* **How to complete this task**:
Without the pictures, copy all of the data exactly.

* **Data extracts**:
===============

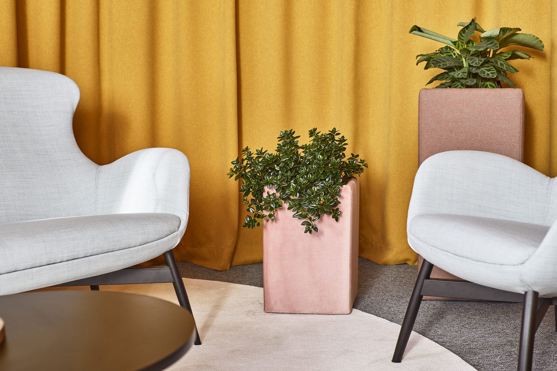 - tapicerowane donice w dwóch wysokościach,
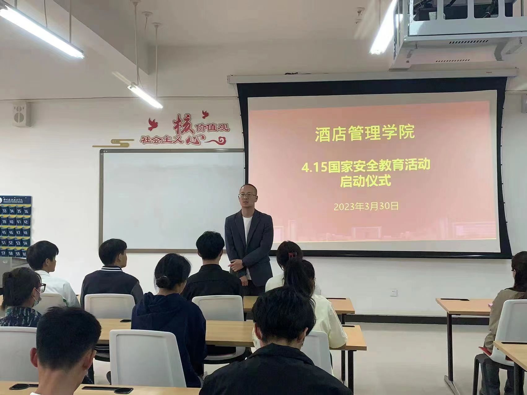 为进一步使安全教育真正走进学生心中,增强学生安全自我保护意识,进一步做好校园安全防范工作,减少事故的发生。酒店管理学院于3月30日下午在2b102召开“4.15国家安全教育活动启动仪式”,会议由孙孟珂老师主持,各班安全委员参加。
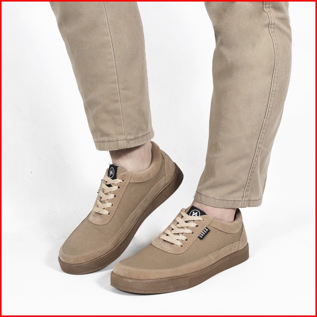 Sepatu Sneakers Pria V 59817 Brand Varka Sepatu Kets Kuliah Kerja Jalan Jalan Harga Murah Berkualitas - Krem
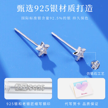 老银匠s925银耳钉女五角星耳钉星星耳钉送闺蜜不易过敏养耳洞银耳饰
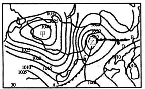 答案:29.D(解析:暴雨一般出现在夏季。)30.D(解析:西北部等压线密集,气压梯度力大。)
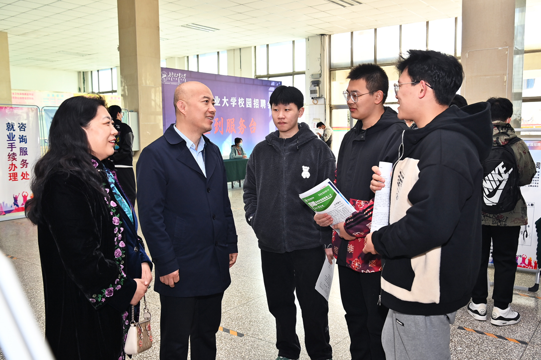 教育厅、团市委相关负责同志深入招聘现场指导工作校长郭喜招聘会现场,详细了解用人单位的发展前景、岗位特点、人才需求、培养计划、薪酬待遇工作生活环境等学生关心的实际问题与毕业生亲切交谈,询问求职进展,鼓励毕业生积极就业同时要求招生就业处认真分析就业形势,积极拓展就业市场,为毕业生精准推送岗位信息。
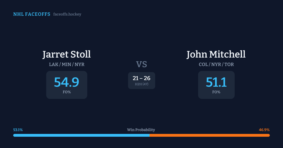 Jarret Stoll vs John Mitchell — Faceoff Head-to-Head
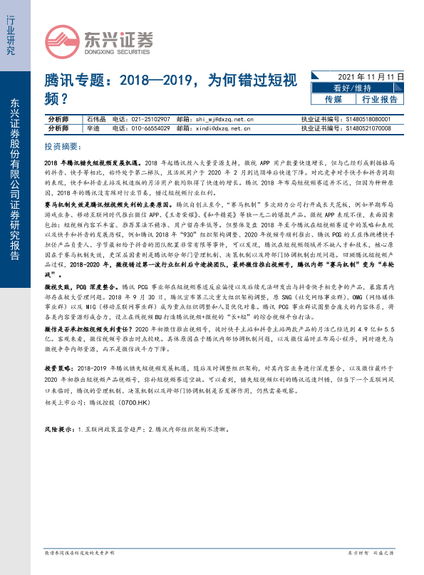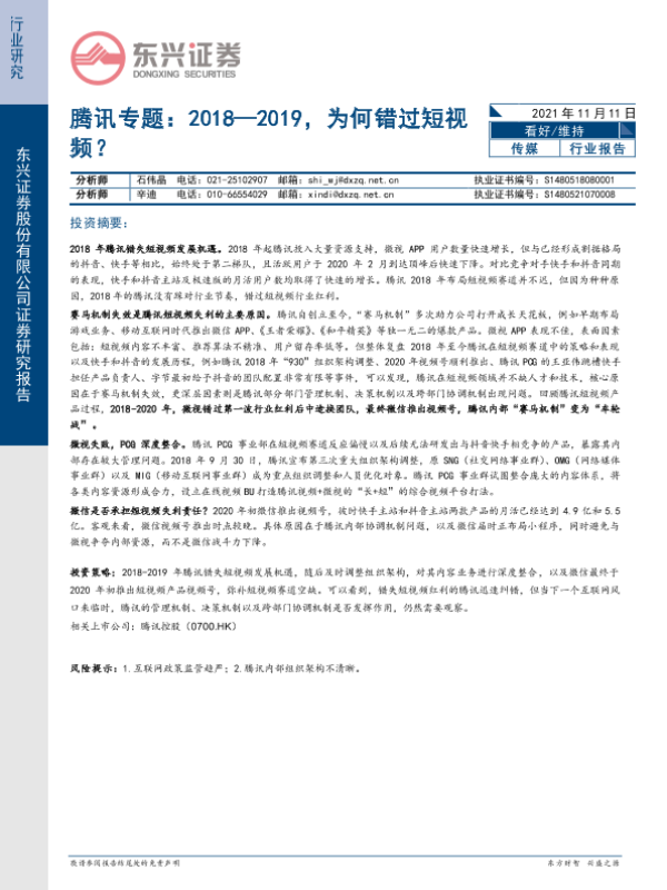 【东兴证券】【20211111】腾讯专题:2018—2019,为何错过短视频?-12页

===============

* **Exercise solution**:
 - tapicerowane donice w dwóch wysokościach,
 为进一步使安全教育真正走进学生心中,增强学生安全自我保护意识,进一步做好校园安全防范工作,减少事故的发生。酒店管理学院于3月30日下午在2b102召开“4.15国家安全教育活动启动仪式”,会议由孙孟珂老师主持,各班安全委员参加。
 Sepatu Sneakers Pria V 59817 Brand Varka Sepatu Kets Kuliah Kerja Jalan Jalan Harga Murah Berkualitas - Krem
 老银匠s925银耳钉女五角星耳钉星星耳钉送闺蜜不易过敏养耳洞银耳饰
 答案:29.D(解析:暴雨一般出现在夏季。)30.D(解析:西北部等压线密集,气压梯度力大。)
 教育厅、团市委相关负责同志深入招聘现场指导工作校长郭喜招聘会现场,详细了解用人单位的发展前景、岗位特点、人才需求、培养计划、薪酬待遇工作生活环境等学生关心的实际问题与毕业生亲切交谈,询问求职进展,鼓励毕业生积极就业同时要求招生就业处认真分析就业形势,积极拓展就业市场,为毕业生精准推送岗位信息。
 Jarret Stoll vs John Mitchell — Faceoff Head-to-Head
 【东兴证券】【20211111】腾讯专题:2018—2019,为何错过短视频?-12页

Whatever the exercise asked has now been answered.